(Dataset items)
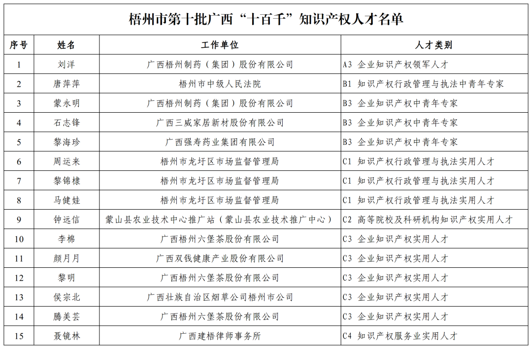 此次入選第十批廣西“十百千”知識產(chǎn)權(quán)人才名單,不僅是對兩名同志在知識產(chǎn)權(quán)領(lǐng)域所取得成績的肯定,更是對梧州制藥近年來深入貫徹廣西知識產(chǎn)權(quán)“十百千”人才工程建設(shè)要求,積極打造高素質(zhì)專業(yè)化的知識產(chǎn)權(quán)人才隊(duì)伍的認(rèn)可和鼓勵。
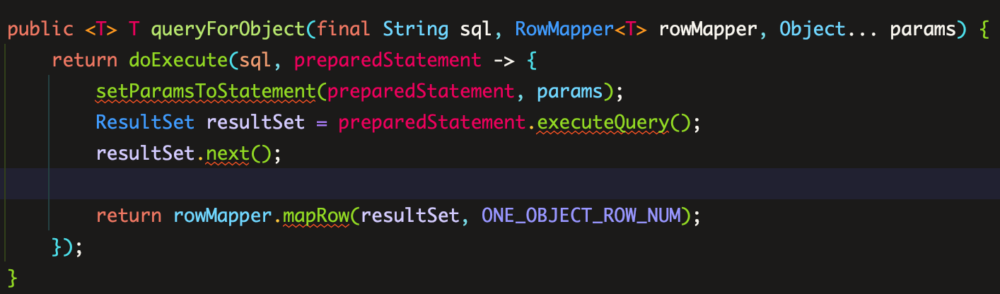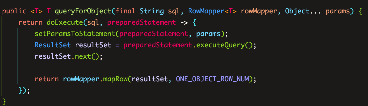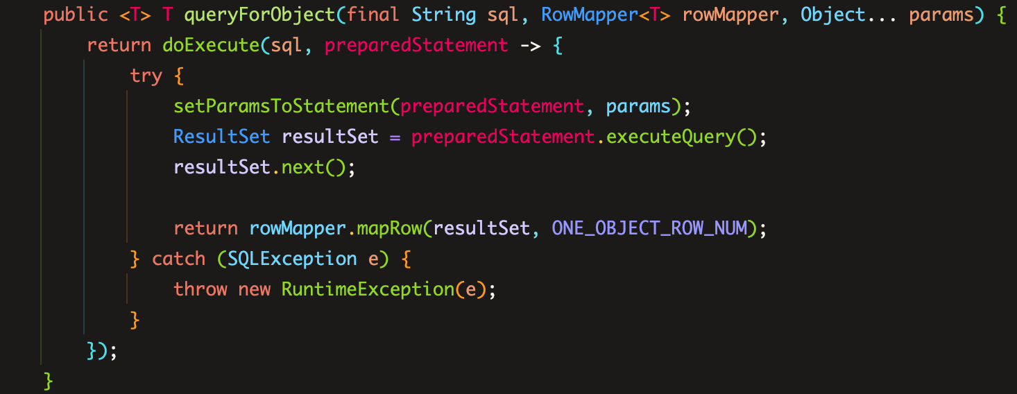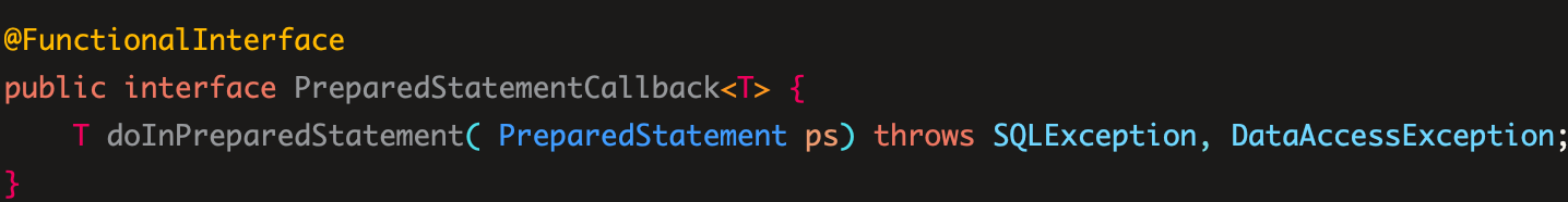 jdbc 템플릿을 직접 구현해보는 미션을 하다가 쿼리를 실행하는 모든 메서드에 try-with-resource가 있는 문제점이 발견되었습니다. 중복을 처리하기 위해 처음에는 try-with-resource 부분을 Function 함수형 인터페이스를 사용하여서 처리하도록 구현 해 보았습니다.
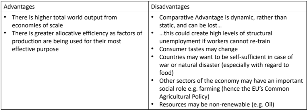 Comparative advantage is good at explaining why countries rich in raw materials or with lots of agricultural land will specialise in these commodities.
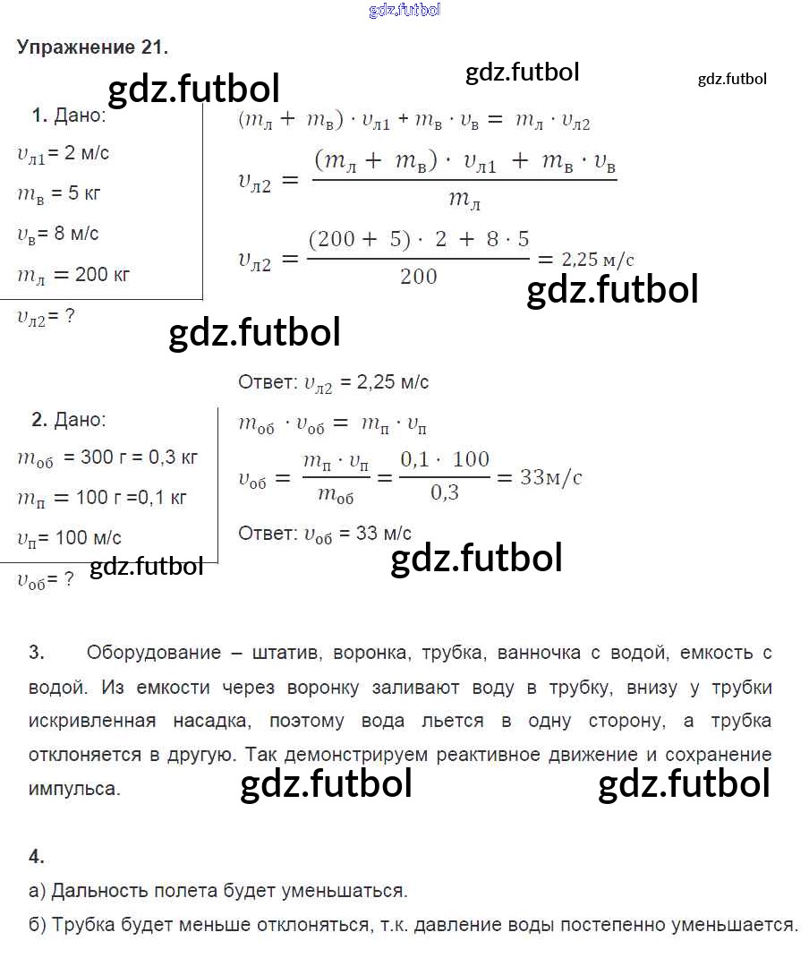 Готовые домашние задания по Физике за 9 класс Перышкин Учебник 2014 ФГОС - Упражнения 21
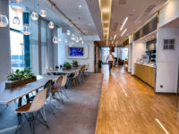 La salle est dotée de grandes fenêtres ce qui la rend très lumineuse; un détail non-négligeable lorsqu’on passe de longues heures à l’intérieur. Le décor est contemporain aux tons neutres et chauds avec des lumières qui donnent un style un peu plus sophistiqué aux lieux.
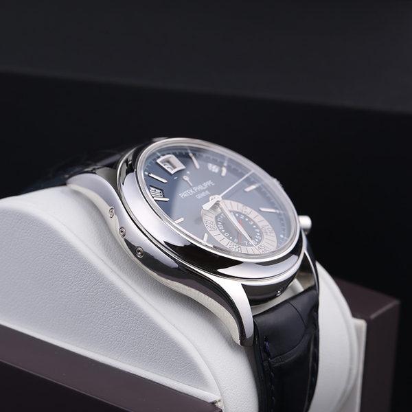 這款百達翡麗5960P是一款男士自動機械手表,手表直徑為40毫米,適合手腕稍細的朋友佩戴。深灰色圓形表盤,藍寶石水晶玻璃表鏡,表冠為950鉑金材質,深棕色鱷魚皮表帶,表扣為950鉑金折疊扣,表底背透,防水性能為30米。

» Try it
Exclude the pictures. Write out the remaining data exactly.

» Exercise solution
 此次入選第十批廣西“十百千”知識產(chǎn)權(quán)人才名單,不僅是對兩名同志在知識產(chǎn)權(quán)領(lǐng)域所取得成績的肯定,更是對梧州制藥近年來深入貫徹廣西知識產(chǎn)權(quán)“十百千”人才工程建設(shè)要求,積極打造高素質(zhì)專業(yè)化的知識產(chǎn)權(quán)人才隊(duì)伍的認(rèn)可和鼓勵。
 jdbc 템플릿을 직접 구현해보는 미션을 하다가 쿼리를 실행하는 모든 메서드에 try-with-resource가 있는 문제점이 발견되었습니다. 중복을 처리하기 위해 처음에는 try-with-resource 부분을 Function 함수형 인터페이스를 사용하여서 처리하도록 구현 해 보았습니다.
 Comparative advantage is good at explaining why countries rich in raw materials or with lots of agricultural land will specialise in these commodities.
 Готовые домашние задания по Физике за 9 класс Перышкин Учебник 2014 ФГОС - Упражнения 21
 La salle est dotée de grandes fenêtres ce qui la rend très lumineuse; un détail non-négligeable lorsqu’on passe de longues heures à l’intérieur. Le décor est contemporain aux tons neutres et chauds avec des lumières qui donnent un style un peu plus sophistiqué aux lieux.
 這款百達翡麗5960P是一款男士自動機械手表,手表直徑為40毫米,適合手腕稍細的朋友佩戴。深灰色圓形表盤,藍寶石水晶玻璃表鏡,表冠為950鉑金材質,深棕色鱷魚皮表帶,表扣為950鉑金折疊扣,表底背透,防水性能為30米。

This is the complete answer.